The Brook Kerith eBook

This eBook from the Gutenberg Project consists of approximately 607 pages of information about The Brook Kerith.

The Brook Kerith eBook

This eBook from the Gutenberg Project consists of approximately 607 pages of information about The Brook Kerith.
He is without knowledge of us or the world around him.  But why does he turn aside from our dwelling preferring to lie with his dogs under the rocks?  It is for that our dwelling reminds him of Joseph.  It was here he saw him last, Manahem replied.  It will be well to leave him to wander at will, giving him food if his grief allows him to come for it; any restraint would estrange him from us, nor may we watch him, for when the mind is away man is but animal; and animals do not like watchful eyes.  We may only watch over him lest he do himself bodily harm, Eleazar said, There is no harm, Manahem said, he can do himself, but to walk over the cliffs in a dream and so end his misery.  We would not that the crows and vultures fed on Jesus, Caleb answered.  We must watch lest he fall into the dream of his grief....  But he lives in one.  Behold him now.  He sees not the cliffs over yonder nor the cliffs beneath.  Nor does he hear the brook murmur under the cliffs.  Grief is a wonderful thing, Manahem said, it overpowers a man more than anything else; it is more powerful even than the love of God, but it wears away; and in this it is unlike the love of God, which doesn’t change, and many of us have come here so that we may love God the better without interruptions.  It is strange, Eleazar said, that one who loves God as truly as Jesus, should abandon himself to grief.  Eleazar’s words caused the Essenes to drop into reveries and dreams, and when they spoke out of these their words were:  his grief is more like despair.  And in speaking these words they were nearer the truth than they suspected, for though Jesus grieved and truly for Joseph, there was in his heart something more than mortal grief.

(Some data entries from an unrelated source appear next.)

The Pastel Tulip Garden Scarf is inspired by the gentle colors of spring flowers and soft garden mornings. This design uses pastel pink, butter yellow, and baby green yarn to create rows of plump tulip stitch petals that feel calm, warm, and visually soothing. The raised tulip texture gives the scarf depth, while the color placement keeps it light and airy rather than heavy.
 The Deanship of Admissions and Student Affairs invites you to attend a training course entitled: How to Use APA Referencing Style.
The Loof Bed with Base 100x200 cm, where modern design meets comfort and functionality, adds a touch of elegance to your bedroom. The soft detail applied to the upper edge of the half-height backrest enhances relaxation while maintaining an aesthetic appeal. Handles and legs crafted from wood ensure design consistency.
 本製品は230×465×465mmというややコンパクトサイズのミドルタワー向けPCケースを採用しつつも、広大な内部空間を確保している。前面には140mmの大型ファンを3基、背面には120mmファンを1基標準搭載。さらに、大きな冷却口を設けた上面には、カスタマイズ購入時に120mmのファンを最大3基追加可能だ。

It often seemed to him as he sat gazing across the abyss that his temerity in proclaiming himself the Messiah was punished enough by crucifixion:  the taking from him of the one thing that crucifixion had left behind often put the thought into his mind that God held him accursed; and in his despair he lost faith in death, believing he would be held accursed for all eternity.  He forgot to take food and drink; he fed upon his grief and would have faded out of life if Caesar had not conceived a dislike to his keeper and run bleating among the rocks till he came upon Jesus whom he recognised at once and refused to leave, thrusting a nozzle into Jesus’ hand and lying down by his side.  Nor could the brethren beguile the lamb from Jesus with milk, and Jesus taking pity on the faithful animal said:  give me the feeding bottle, I will feed him.  Whereupon Caesar began to bleat, and so cheerfully, that all conceived a new affection for him, but he had none for anybody but Jesus, whom he followed about the cliffs as a dog might, lying down at his side.

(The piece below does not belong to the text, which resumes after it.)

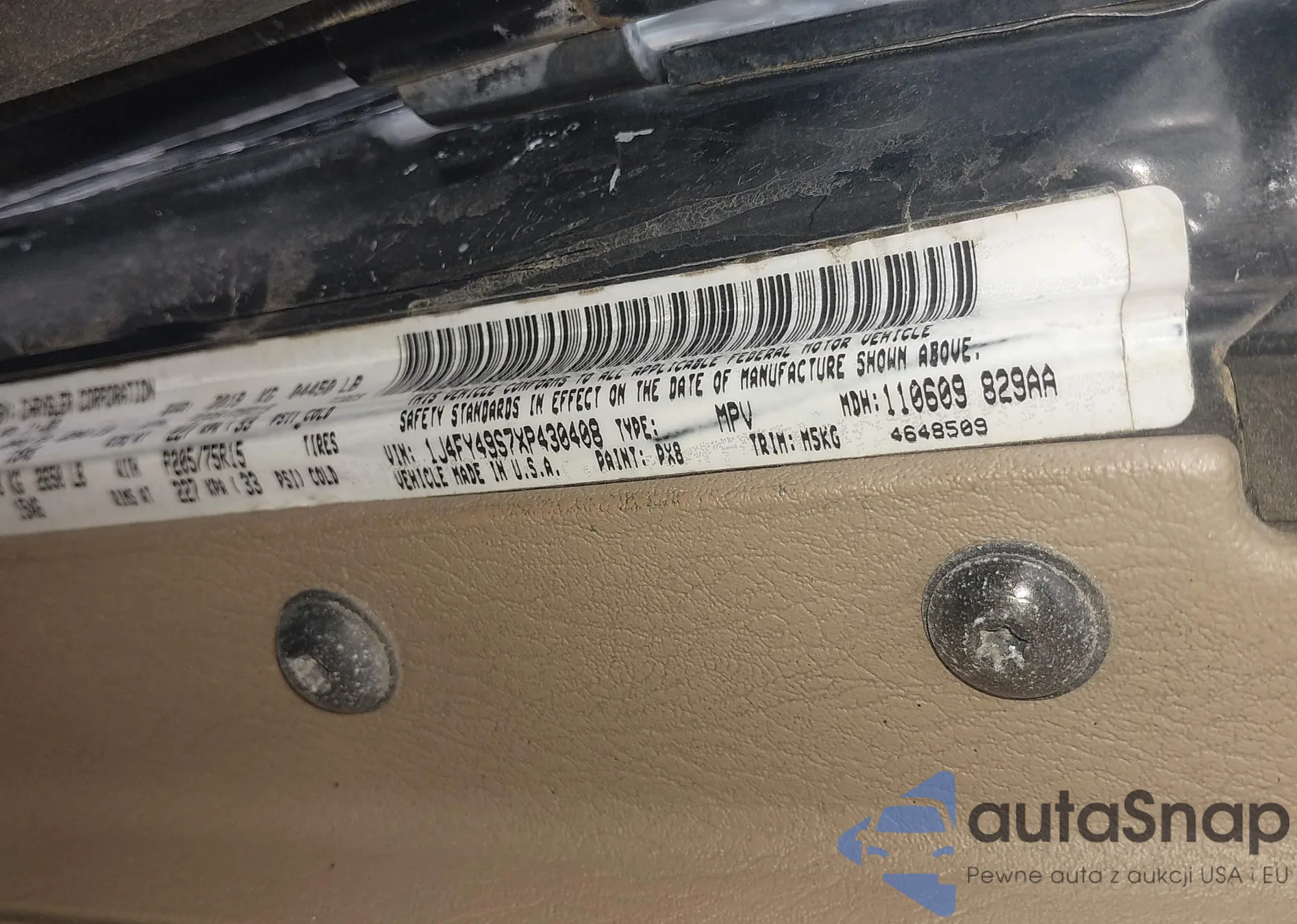 LOT: 43702404 VIN: 1J4FY49S7XP430408
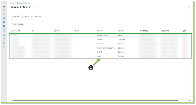 - Navigate to the Device Actions Report – Intune portal, here you will see a list of requested device actions and their statuses. This information is essential for maintaining compliance, enhancing security, and optimizing your audit processes.

The twain strayed together whither there was scarce foothold for either, and the brethren said as they watched them:  if Caesar were to miss his footing and fall over the edge, the last link would be broken and Jesus would go over after him.  But sheep and goats never miss their footing, a brother answered.  It is fortunate, another replied, that Caesar should have attached himself to Jesus.  He seems to say, I get happier and happier every day, and his disposition will react on Jesus and may win him out of his melancholy.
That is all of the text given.